JAPAN CREATES CHINESE PUPPET STATE
Hsinking (Changchun), Manchukuo · February 18, 1932
The Meiji Restoration of Imperial rule in 1868 resulted in the downfall of Japan’s powerful military commanders, the shoguns, and the Japanese samurai warrior class. Partly as a concession to the samurai, the Japanese government embarked on an aggressive foreign policy in Manchuria in Northeastern China and on the Korean Peninsula. The Japanese defeat of Russia over the latter’s territorial ambitions in Manchuria in 1904–1905 bolstered Japan’s power, authority, and self-confidence in the Asia Pacific region. The Treaty of Versailles, which ended World War I, granted Japan rights and concessions in the Shantung Peninsula in Northeastern China across the Yellow Sea from Korea, a Japanese colony since 1910.
Using an argument similar to the Nazis’ mantra for Lebensraum in Eastern Europe, Japanese national extremists looked to China for living space. On September 18, 1931, Japan’s Kwantung Army in China invaded Manchuria and on this date in 1932 established the puppet state of Manchukuo, the Kwantung Army’s springboard for further aggression in China. In the same year the Imperial Japanese Army, with the blessings of Shōwa Emperor Hirohito (on the throne from 1926 to 1989), organized a secret research group in Manchukuo’s Pingfang district for the purpose of developing chemical and biological weapons to be used against the Chinese, Koreans, and other “inferior” peoples whose territory they, comparable to the Nazis in Europe, intended to conquer.

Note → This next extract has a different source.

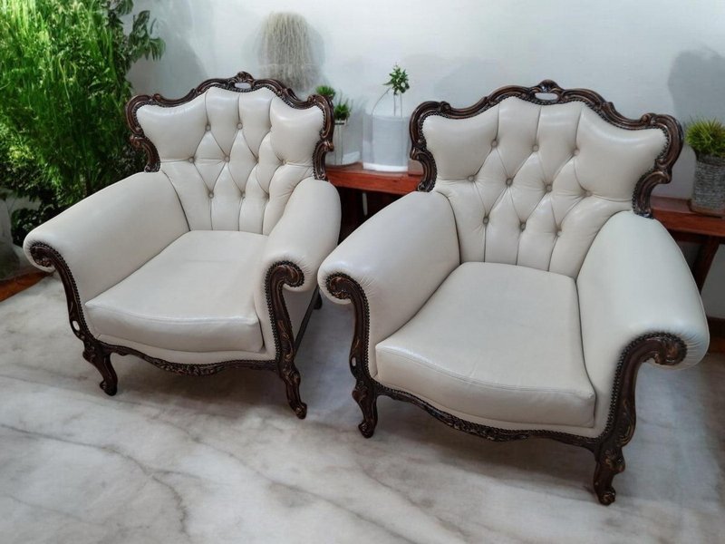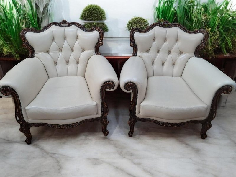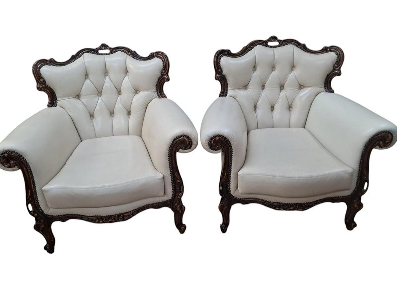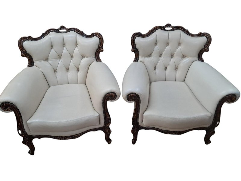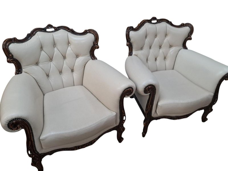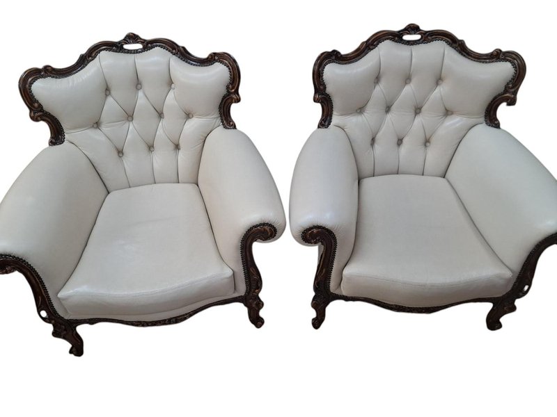 Set of Set of Louis XV Style Chesterfield Chairs in Buttoned Leather, 1980s

Unit 731, whose headquarters’ design was that of a lumber mill, was the most notorious of these research laboratories, where diseases such as bubonic plague, cholera, and anthrax were mass-produced. More than 10,000 humans (euphemistically known as “logs”) were subjects of barbarous experiments conducted in this and similar factories of death, repeatedly being forced to work to exhaustion and exposed to diseases, starvation, and vivisection. Hapless subjects included criminals, bandits, anti-Japanese partisans, political prisoners, as well as infants, children, the elderly, and pregnant women. Run by the Kwantung Army, Unit 731’s victims also included U.S., British, Dutch, Australian, and Soviet prisoners of war. Unit 731’s germ and chemical weapons programs resulted in possibly as many as 200,000 gruesome deaths of military personnel and civilians between 1932 and 1945. Most of the perpetrators were never brought to justice after the war.
Japanese Puppet State Manchukuo (1932-1945) and Biological/Chemical Warfare Unit 731
Above: Map of Manchukuo (Manchuria) in relation to its neighbors. The large area labeled “Japan” is the Japanese colony of Korea (1910–1945). The smaller area on the southern part of the Liaodong Peninsula in Manchuria went by the name of Kwantung Leased Territory, which included the militarily and economically significant ports of Lüshunkou (Port Arthur) and Dalian.
Left: Propaganda poster promoting harmony between Japanese, Chinese, and the residents of Manchukuo. The caption says (right to left): “With the cooperation of Japan, China, and Manchukuo, the world can be in peace.”
Right: Japanese Biological Warfare Unit 731 Headquarters at Pingfang (near Harbin), Manchukuo (Northeast China). Officially known as the Epidemic Prevention and Water Purification Department of the Kwantung Army (the Japanese occupation army in Manchukuo), the sprawling complex was serviced by an airport and railroad stations. Leading Japanese medical schools assigned doctors to Unit 731, some of whom later complained of wasting the best years of their lives on medical research that could not be continued after the war. Almost 70 percent of the victims who died at Pingfang (there were other Unit 731 installations) were Chinese, including both civilian and military. Soviets comprised close to 30 percent of the victims. Most of Pingfang was burnt by the Japanese to destroy evidence of the some of the most grisly atrocities of World War II, but the incinerator where the remains of victims were burnt remains today. Unlike war crimes associated with Nazi human experimentation, which are extremely well documented, the activities of Unit 731 are known only from the testimonies of former unit members.